De invloedcoëfficiëntmethode voor veldbalancering
Definitie: Wat is een invloedscoëfficiënt?
Een invloedscoëfficiënt is een complexe vector (met zowel een amplitude als een fasehoek) die beschrijft hoe een rotorsysteem reageert op een bekende onbalans. Concreet geeft het de verandering in trilling weer op een specifiek meetpunt als gevolg van het toevoegen van een bekend proefgewicht op een specifieke locatie op een correctievlak. Simpel gezegd geeft de coëfficiënt aan: "Voor een proefgewicht van deze grootte, geplaatst onder deze hoek, veranderde de trilling in het lager zoveel en in deze richting."
Deze methode vormt de basis voor moderne veldbalancering, omdat hiermee nauwkeurig kan worden gebalanceerd zonder dat de complexe fysieke eigenschappen van de rotor (zoals de massa, stijfheid of demping) bekend hoeven te zijn.
Waarom is de invloedcoëfficiëntmethode zo effectief?
De kracht van deze methode schuilt in het feit dat de machine als een 'black box' wordt behandeld.
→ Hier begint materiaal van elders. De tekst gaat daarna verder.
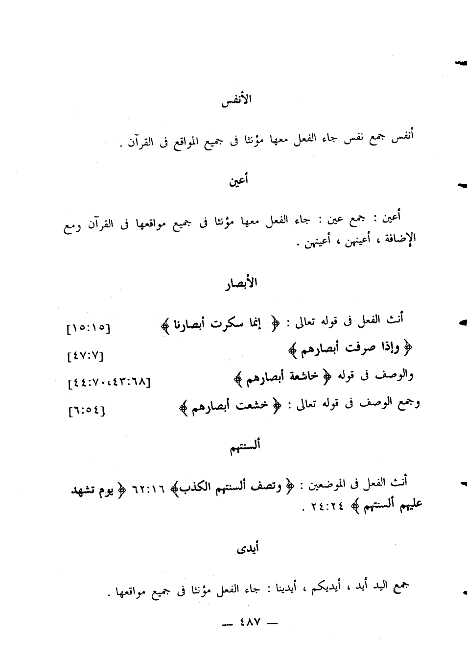 أعين: جمع عين: جاء الفعل معها مؤنثًا في جميع مواقعها في القرآن ومع الإضافة، أعينهن، أعينهن.

In plaats van te proberen de rotor theoretisch te modelleren, wordt de unieke respons van het systeem direct gemeten met behulp van een praktische test. Belangrijke voordelen zijn:
- Hoge nauwkeurigheid: Er wordt rekening gehouden met alle dynamische effecten van het systeem in de echte wereld, zoals de stijfheid van de lagers, de flexibiliteit van de ondersteunende structuur en de aerodynamische krachten.
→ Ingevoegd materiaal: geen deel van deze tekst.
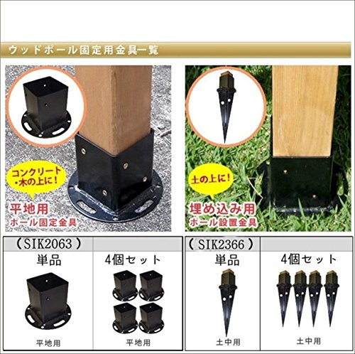 SINAPP ウッドポール固定金具 フェンス 平地用 コンクリート SIK20644個セット
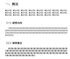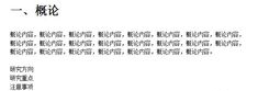 3.后面输概论内容,此处概论为一级标题,如果里面有很多内容,就需要二级标题了,添加方式是一样的。比如我概论里面有三个要点。分别是:研究方向、研究重点、注意事项,输入完成后,选中三个要点,点击样式中的“标题2”;
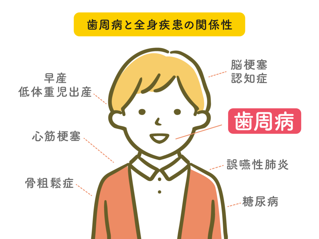 お口の中で増えた歯周病菌が血流を通じて全身に影響を及ぼし、糖尿病の悪化や心疾患、脳疾患、認知症、誤嚥性肺炎などのリスクを高めることがわかっています。さらに、妊婦の場合「早産」や「低体重児出産」のリスクが高まるという報告もあります。お口の健康は全身の健康に密接に関わっているため、歯周病予防はとても大切です。

- Veelzijdigheid: Het werkt even goed voor zowel enkelvlaks- als complexe meervlaks-balanceringsproblemen op zowel stijve als flexibele rotoren.
- Geen demontage vereist: Het is de standaard voor in-situ- of veldbalancering, waardoor machines in hun uiteindelijke geïnstalleerde toestand kunnen worden gebalanceerd bij normale bedrijfsbelastingen en -temperaturen.
De procedure voor het balanceren van één vlak (stap voor stap)
Voor een eenvoudige balans op één vlak volgt de invloedcoëfficiëntmethode een duidelijk, logisch proces:
- Eerste run (run 1): Meet, onder normale bedrijfsomstandigheden, de initiële trillingsvector (amplitude A1 en fase P1) bij het lager. Dit is de trilling veroorzaakt door de oorspronkelijke onbalans (O).
- Proefgewichtrun (run 2): Stop de machine en bevestig een bekend proefgewicht (T) op een bekende hoekpositie (bijv. 0 graden) op het correctievlak.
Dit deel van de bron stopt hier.